Махьяр обдумал слова иерофанта.
— Но как нам это сделать? — спросил он. — Как нанести удар по врагу, который уже мертв?
— Организовав экспедицию против того, кто призывает мертвецов из гробниц, — ответила Кветка. — Выступив против самой Госпожи Печалей.
— Безумие, — возразил один из ученых.
— Необходимость, — поправил его Ивор. — У нас есть шанс исполнить пророчество. Разорвать бесконечный цикл разрушения, снять извечное проклятие с наших городов. И жить наконец в мире.
— Старые тексты подтверждают это, — сказала Кветка. — Они говорят об избранном, о герое двух Владений, который станет ключом к освобождению.
— Кто же этот герой? — пожелал знать Махьяр.
На сей раз ему ответил Ивор. Старый чародей похлопал по стопке заметок:
— Есть такой герой в Двойных городах.

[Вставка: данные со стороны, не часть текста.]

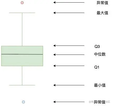 四分位数是箱型图中最为重要的概念。Q3和Q1的差距称为四分位距(InterQuartile Range, IQR):IQR=Q3-Q1
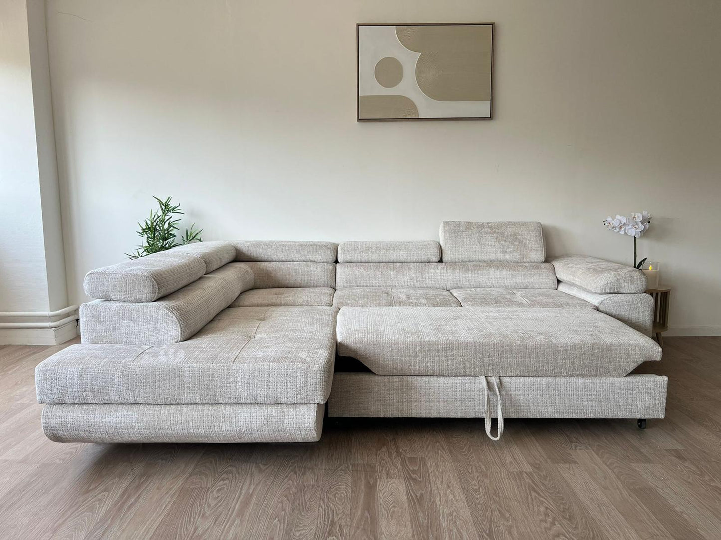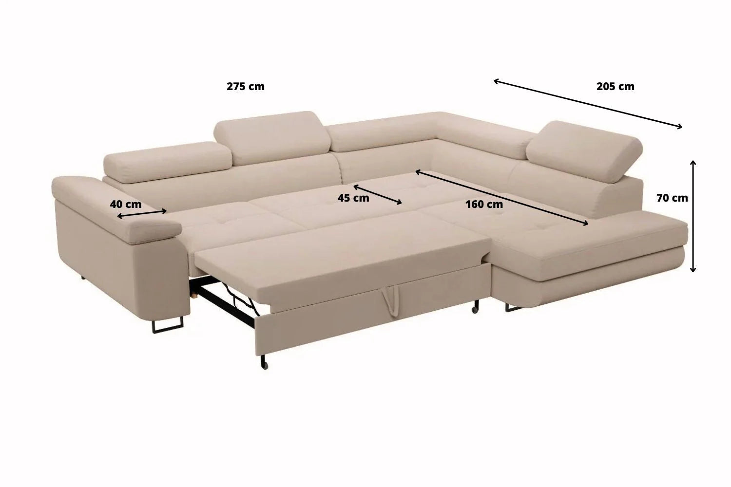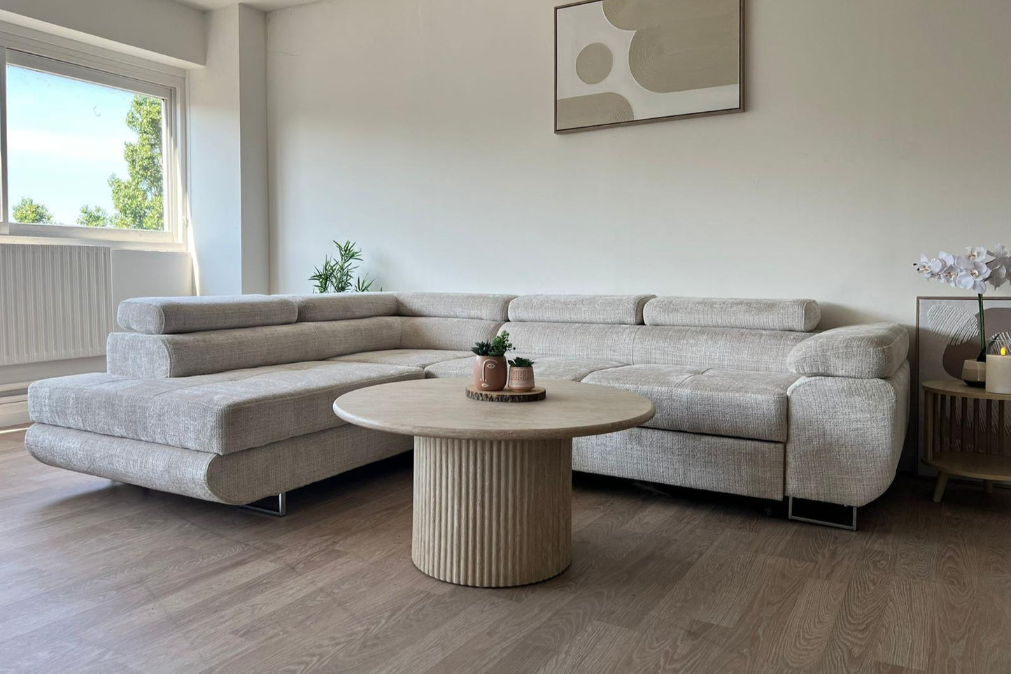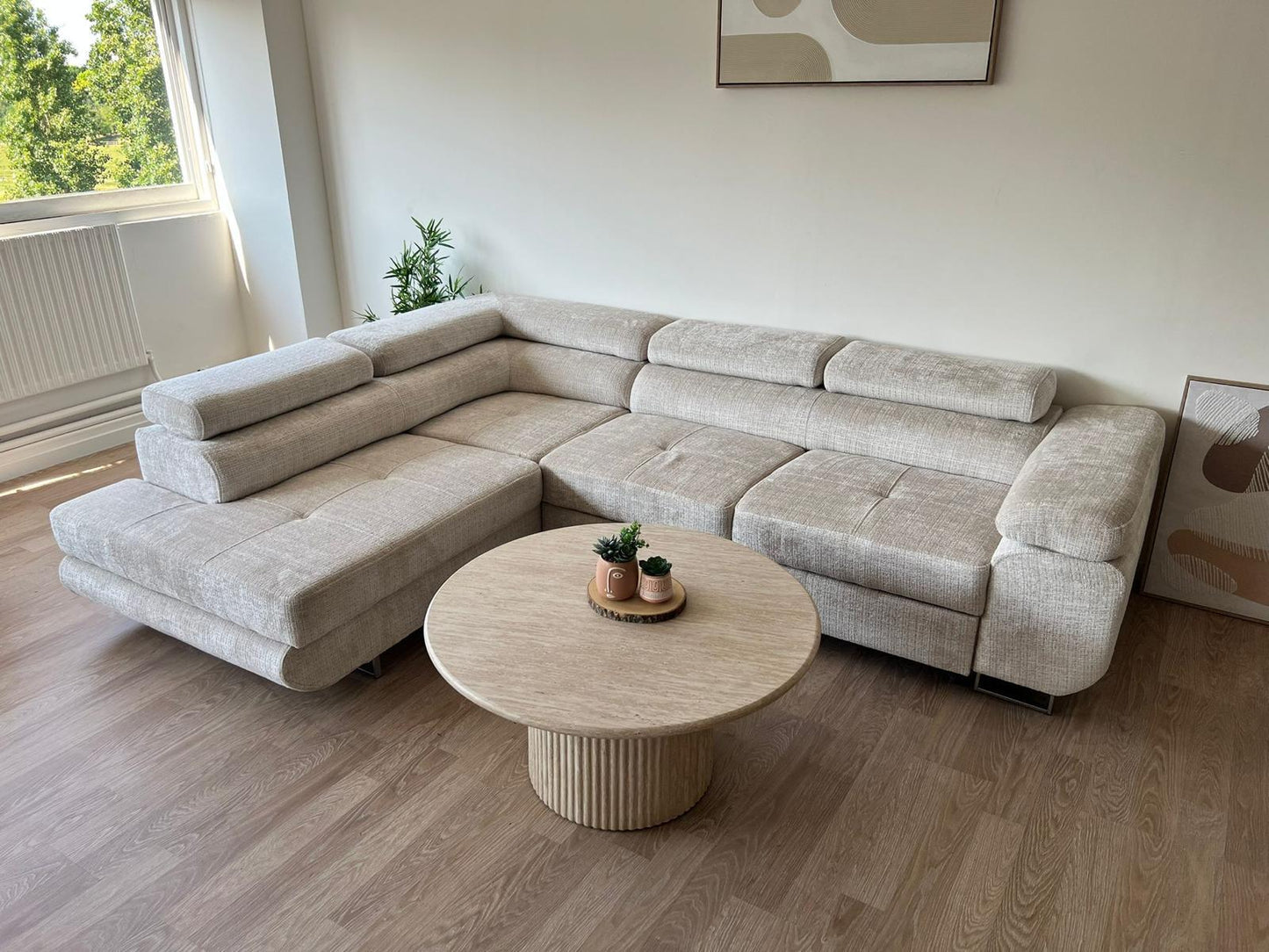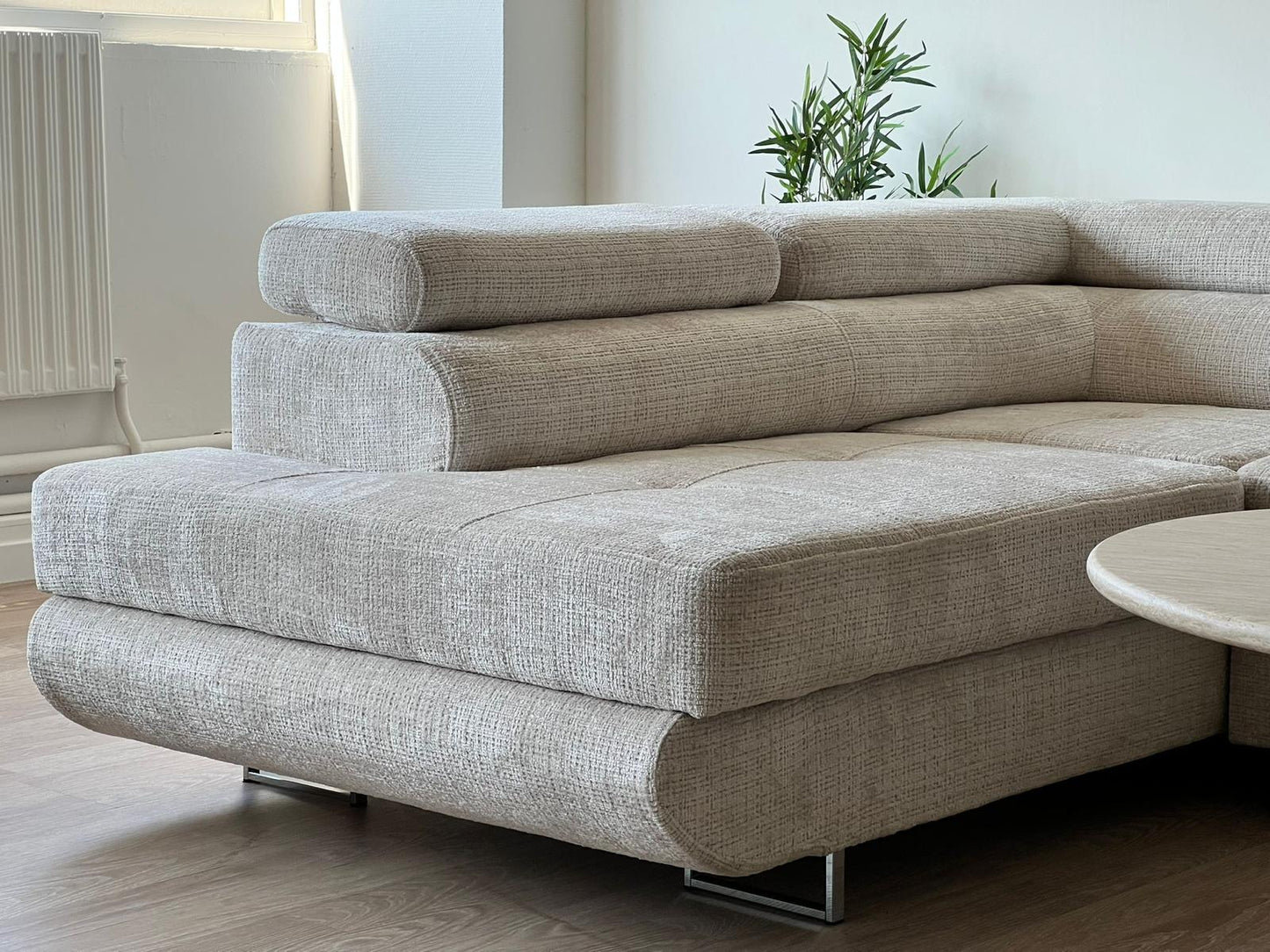 Ce canapé convertible avec coffre intégré constitue une solution idéale pour maximiser l’espace dans votre salon ou pièce à vivre. Sa conversion rapide en couchage confortable offre un lit d’appoint pratique. Tissus Marbella beige.

Человек двух Владений, достигший такой известности, что о нем говорят даже в вашем храме.
Махьяр щелкнул пальцами. Он понял, кого имеет в виду Ивор.
— Яхангир! Его отец из Западного Предела, но мать была родом из Восточного Дола.
— Единственный, кого славят и азириты, и обретенные, — подтвердил Байрам. — Объединенную экспедицию обоих городов может возглавить только он. И только он способен исполнить пророчество.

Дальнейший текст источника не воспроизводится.